Set down exactly the lines in the records below that run from the line with "Với tinh thần" to the line with "约4.35米客厅开间,采光视野极佳。", inclusive, and nothing more.

Stored items from a collection
((
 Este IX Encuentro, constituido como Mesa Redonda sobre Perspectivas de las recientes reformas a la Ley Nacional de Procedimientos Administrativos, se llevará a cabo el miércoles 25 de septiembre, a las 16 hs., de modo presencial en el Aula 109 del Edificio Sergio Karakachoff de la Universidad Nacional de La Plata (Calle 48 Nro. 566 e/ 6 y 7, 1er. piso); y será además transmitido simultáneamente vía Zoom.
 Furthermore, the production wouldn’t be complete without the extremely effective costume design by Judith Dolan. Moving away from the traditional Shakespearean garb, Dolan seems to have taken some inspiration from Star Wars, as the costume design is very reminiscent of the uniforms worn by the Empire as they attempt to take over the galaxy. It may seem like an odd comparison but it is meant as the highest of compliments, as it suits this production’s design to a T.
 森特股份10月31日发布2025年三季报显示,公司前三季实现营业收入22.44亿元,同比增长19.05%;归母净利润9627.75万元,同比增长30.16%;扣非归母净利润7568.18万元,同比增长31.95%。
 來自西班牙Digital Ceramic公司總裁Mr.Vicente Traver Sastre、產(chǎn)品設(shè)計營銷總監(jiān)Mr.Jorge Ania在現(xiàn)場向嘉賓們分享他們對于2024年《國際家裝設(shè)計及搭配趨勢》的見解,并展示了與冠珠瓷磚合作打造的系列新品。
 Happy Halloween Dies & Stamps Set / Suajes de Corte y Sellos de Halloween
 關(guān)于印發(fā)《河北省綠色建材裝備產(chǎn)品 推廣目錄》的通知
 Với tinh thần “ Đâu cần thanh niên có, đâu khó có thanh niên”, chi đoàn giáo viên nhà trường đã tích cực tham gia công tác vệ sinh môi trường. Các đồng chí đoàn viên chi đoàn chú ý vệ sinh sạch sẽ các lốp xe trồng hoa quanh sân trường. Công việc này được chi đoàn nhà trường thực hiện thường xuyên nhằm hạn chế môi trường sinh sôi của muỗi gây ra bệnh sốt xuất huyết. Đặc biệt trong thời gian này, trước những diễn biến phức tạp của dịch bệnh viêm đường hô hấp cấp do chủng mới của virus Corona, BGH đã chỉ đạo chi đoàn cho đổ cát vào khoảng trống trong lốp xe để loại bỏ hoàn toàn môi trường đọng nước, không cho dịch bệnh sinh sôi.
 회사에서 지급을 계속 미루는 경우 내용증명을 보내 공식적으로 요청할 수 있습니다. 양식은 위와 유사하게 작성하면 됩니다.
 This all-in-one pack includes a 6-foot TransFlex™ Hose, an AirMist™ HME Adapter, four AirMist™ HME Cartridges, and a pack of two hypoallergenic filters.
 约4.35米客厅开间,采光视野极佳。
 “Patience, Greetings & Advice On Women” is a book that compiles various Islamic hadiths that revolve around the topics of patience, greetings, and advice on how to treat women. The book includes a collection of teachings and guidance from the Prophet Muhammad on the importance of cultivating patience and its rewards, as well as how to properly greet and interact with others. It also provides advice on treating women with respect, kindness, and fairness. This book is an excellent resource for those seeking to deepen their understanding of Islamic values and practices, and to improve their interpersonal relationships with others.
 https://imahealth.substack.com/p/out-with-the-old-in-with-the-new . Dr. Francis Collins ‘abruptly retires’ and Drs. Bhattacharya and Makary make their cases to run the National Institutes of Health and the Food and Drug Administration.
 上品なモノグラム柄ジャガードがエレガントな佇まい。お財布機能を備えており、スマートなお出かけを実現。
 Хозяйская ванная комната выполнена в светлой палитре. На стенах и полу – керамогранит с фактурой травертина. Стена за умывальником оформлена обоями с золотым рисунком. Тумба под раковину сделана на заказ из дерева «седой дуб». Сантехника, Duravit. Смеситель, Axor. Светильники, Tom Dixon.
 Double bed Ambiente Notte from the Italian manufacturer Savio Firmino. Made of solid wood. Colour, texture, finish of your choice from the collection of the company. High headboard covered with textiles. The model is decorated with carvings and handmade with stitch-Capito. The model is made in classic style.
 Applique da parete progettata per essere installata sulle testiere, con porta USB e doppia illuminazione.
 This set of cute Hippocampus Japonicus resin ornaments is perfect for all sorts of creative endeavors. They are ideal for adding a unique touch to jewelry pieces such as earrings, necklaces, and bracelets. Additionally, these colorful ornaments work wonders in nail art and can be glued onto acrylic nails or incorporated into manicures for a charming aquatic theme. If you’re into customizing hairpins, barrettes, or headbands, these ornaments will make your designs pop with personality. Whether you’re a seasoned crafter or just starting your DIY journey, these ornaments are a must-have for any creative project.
))
Output:
 Với tinh thần “ Đâu cần thanh niên có, đâu khó có thanh niên”, chi đoàn giáo viên nhà trường đã tích cực tham gia công tác vệ sinh môi trường. Các đồng chí đoàn viên chi đoàn chú ý vệ sinh sạch sẽ các lốp xe trồng hoa quanh sân trường. Công việc này được chi đoàn nhà trường thực hiện thường xuyên nhằm hạn chế môi trường sinh sôi của muỗi gây ra bệnh sốt xuất huyết. Đặc biệt trong thời gian này, trước những diễn biến phức tạp của dịch bệnh viêm đường hô hấp cấp do chủng mới của virus Corona, BGH đã chỉ đạo chi đoàn cho đổ cát vào khoảng trống trong lốp xe để loại bỏ hoàn toàn môi trường đọng nước, không cho dịch bệnh sinh sôi.
 회사에서 지급을 계속 미루는 경우 내용증명을 보내 공식적으로 요청할 수 있습니다. 양식은 위와 유사하게 작성하면 됩니다.
 This all-in-one pack includes a 6-foot TransFlex™ Hose, an AirMist™ HME Adapter, four AirMist™ HME Cartridges, and a pack of two hypoallergenic filters.
 约4.35米客厅开间,采光视野极佳。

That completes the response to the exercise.